Every baking recipe I have ever worked with requires at least a pinch of salt. Even though only a pinch, don't forget to add it and make sure it is the exact measurement (not just an eyeballed amount), because not enough salt leaves desserts flat, and too much leaves them, well, unintentionally salty.
So the real question becomes: Which type of salt to use? As with all of the ingredients I bake with, I believe in using as unrefined, whole food ingredients as possible. So, naturally, I keep sea salt in my cupboard.
I recommend sea salt over refined table salt or kosher salt for several reasons.

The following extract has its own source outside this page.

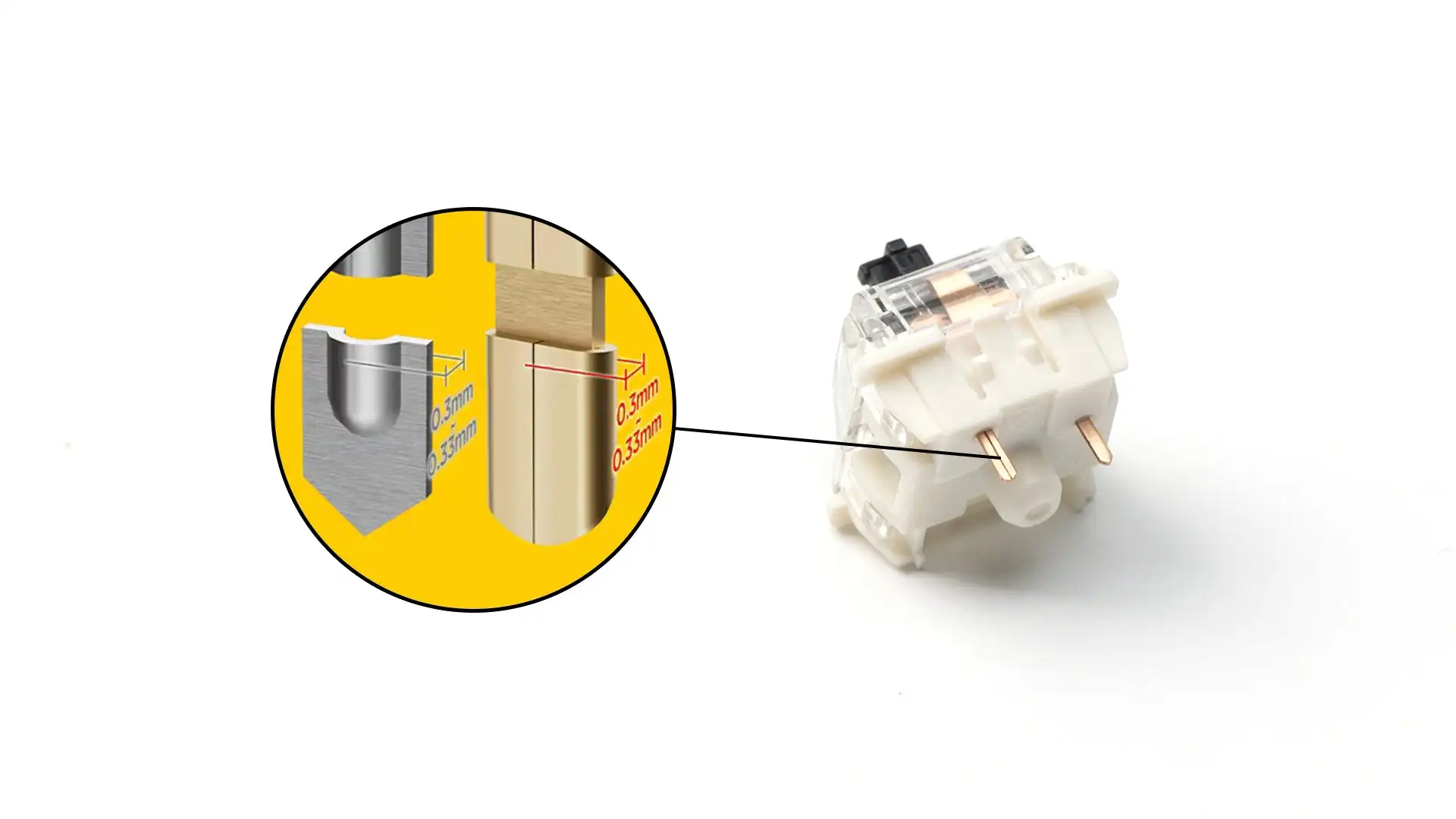 This switch is crafted with a 0.3-0.33 mm chunky three-ply pin for a more reliable connection and a longer life span. The stronger pin allows for less damage and deformities. Although its strength increased, its thickness did not change and will not affect the hot swap usage.
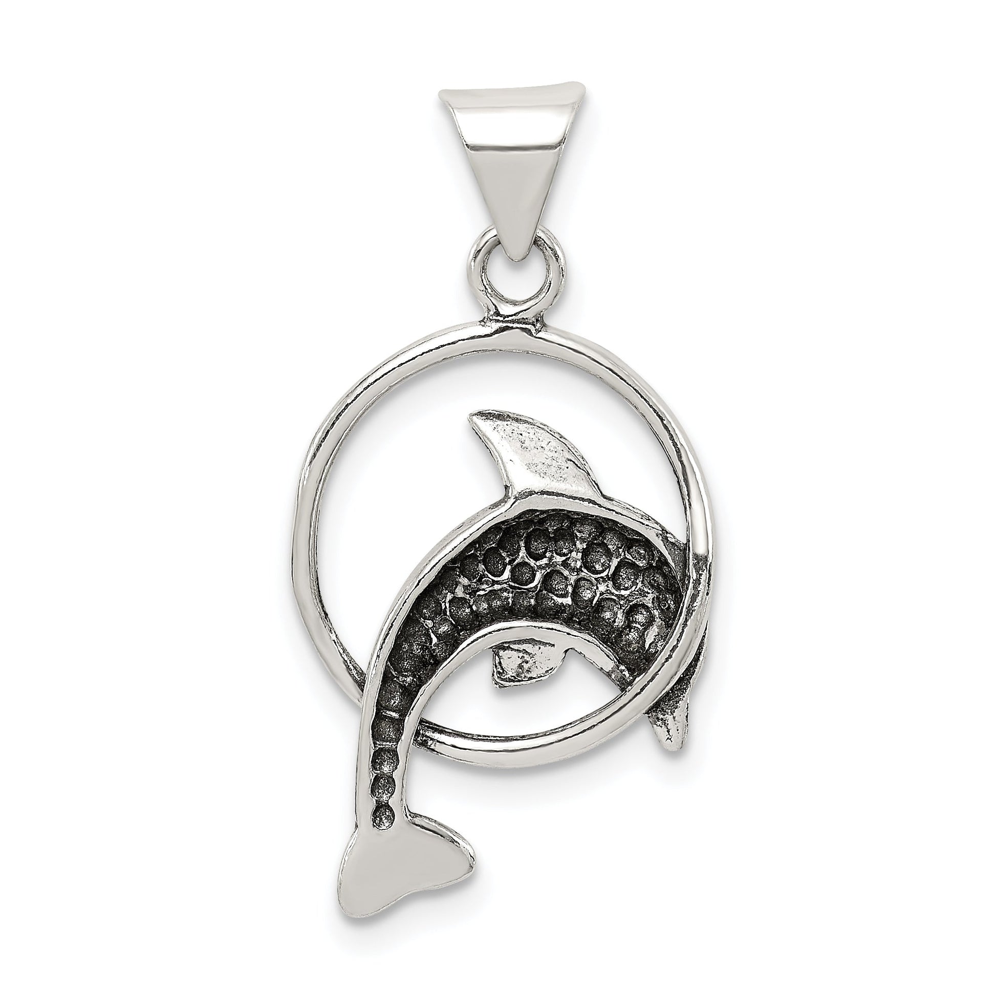 The Sterling Silver Dolphin Charm makes a splash with its detailed and antique finish. Crafted from high-quality 925 sterling silver, this charm captures the grace of the ocean with its sleek lines and solid design. The charm measures 28mm in length and 15mm in width, making it a perfect piece for any jewelry collection. Its anti-tarnish coating ensures lasting shine, while the 4.7mm bail width allows for easy attachment to any chain. Add the Sterling Silver Dolphin Charm to your ensemble to embrace a timeless seaside elegance.

Sea salt, obtained by the evaporation of seawater, usually done in warm and dry climates (such as the Mediterranean or the Himalayas) contains all of the natural micronutrients found in seawater. Sea salt contains minerals such as iodine, magnesium, calcium, potassium, and bromide. You don't get these additional minerals with table salt, because they have been stripped away by high-heat processing. Table salt is highly refined, and what is left is almost pure sodium chloride. Table salt, which is mined from the earth, actually has a higher per-granule sodium content than sea salt. I also believe that sea salt has a much better taste and texture than table or kosher salt. The differing mineral content affects it's taste, color and mouthfeel--there are literally hundreds to choose from. I use very fine sea salt for my baking needs, but there are many other varieties that you can use to add a nuanced flavor or a gourmet finishing touch to your next baked good.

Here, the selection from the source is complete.